Cancer also is a lucrative business at a time when many hospitals are operating on razor-thin margins.

“The economics of it are good,” said Patrick Duke, managing director at CBRE Healthcare, a consulting group that advises hospitals on real estate projects. “That’s a touchy subject for some people, but it’s the reality. There are a lot of patients out there; it affects everybody. The procedures and the drugs are well reimbursed. It’s a big business.”

Health officials involved in the wave of cancer-related construction and ever-expanding partnerships say that sensible business decisions are aligning with a genuine medical need.

“Cancer is going to overtake cardiovascular disease, if it hasn’t already, as the No. 1 cause of death for U.S. citizens,” said Brian Bolwell, head of the cancer institute at the Cleveland Clinic, which is building a $300 million outpatient center that is scheduled to open in 2017. “We’re seeing more and more patients. ... It shows no signs of abating. We literally don’t have enough space.”
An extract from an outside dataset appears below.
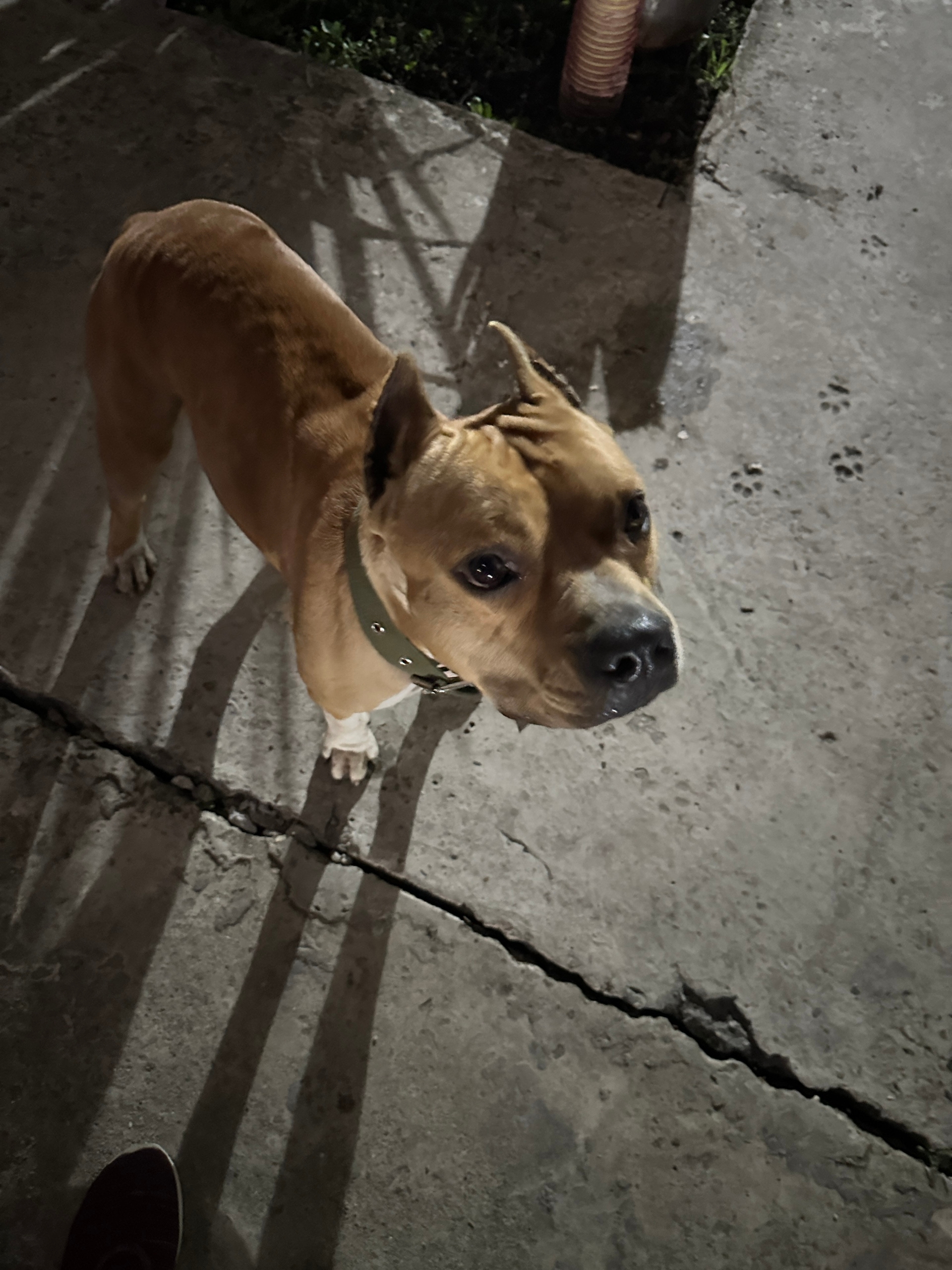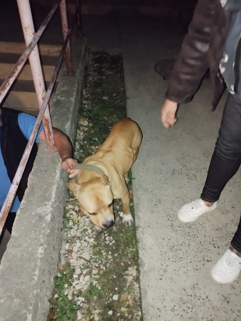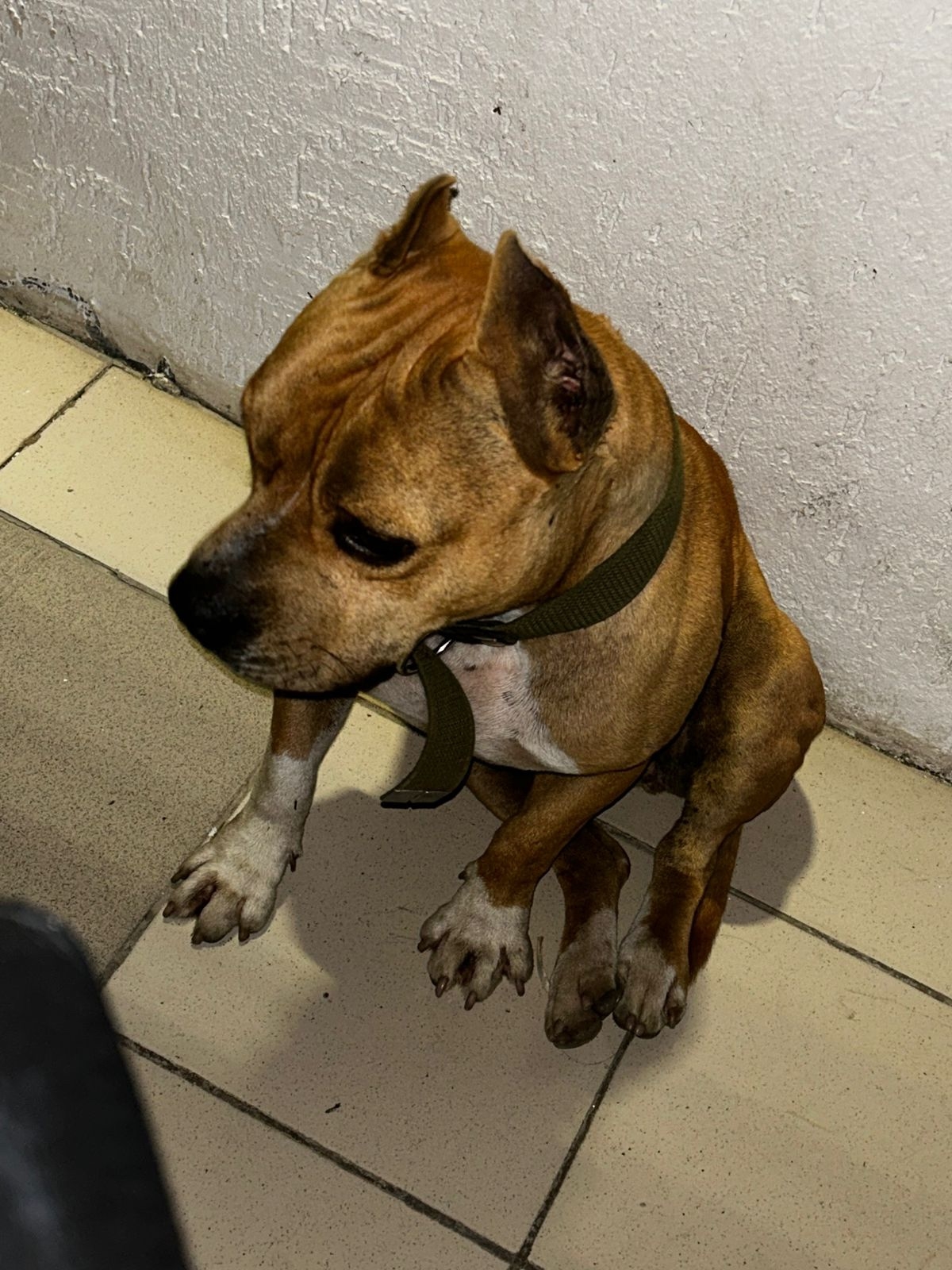 Здравствуйте. Во дворе пер. Северный д.1 (на данный момент она в подъезде #10)бегает собака породы Стаффордширский терьер, кабель, светлого окраса, с ошейником, пугливая. Хозяин отзовись!

Few organizations have the reach of Houston’s MD Anderson Cancer Center, which has partnered with hospitals and researchers from New Jersey to Arizona, as well as in places such as Istanbul, Spain and Brazil.

Amy Hay, MD Anderson’s vice president of business development, said the network is an extension of the organization’s effort to combat cancer everywhere, not just in Texas.

“In order to have a truly global impact on the way cancer is treated and the way we conduct research, we have to be having an impact on a global level,” she said. “Part of our job is eliminating the disparities in cancer care, not only on a national level but on an international level.”

In New Britain, Donna Handley, vice president of operations for the new cancer institute, said the area served by the local hospital system sees about 6,000 new cancer diagnoses a year. Many of those patients traditionally went elsewhere for treatment.

“We can tell you exactly who is leaving and for what types of cancers,” Handley said, adding that part of the impetus behind the new center is to ensure that “patients don’t have to travel for highest-quality cancer care.”

That appeals to Gail Brown, who recently finished numerous rounds of chemotherapy at the hilltop cancer center and will follow that with a course of radiation.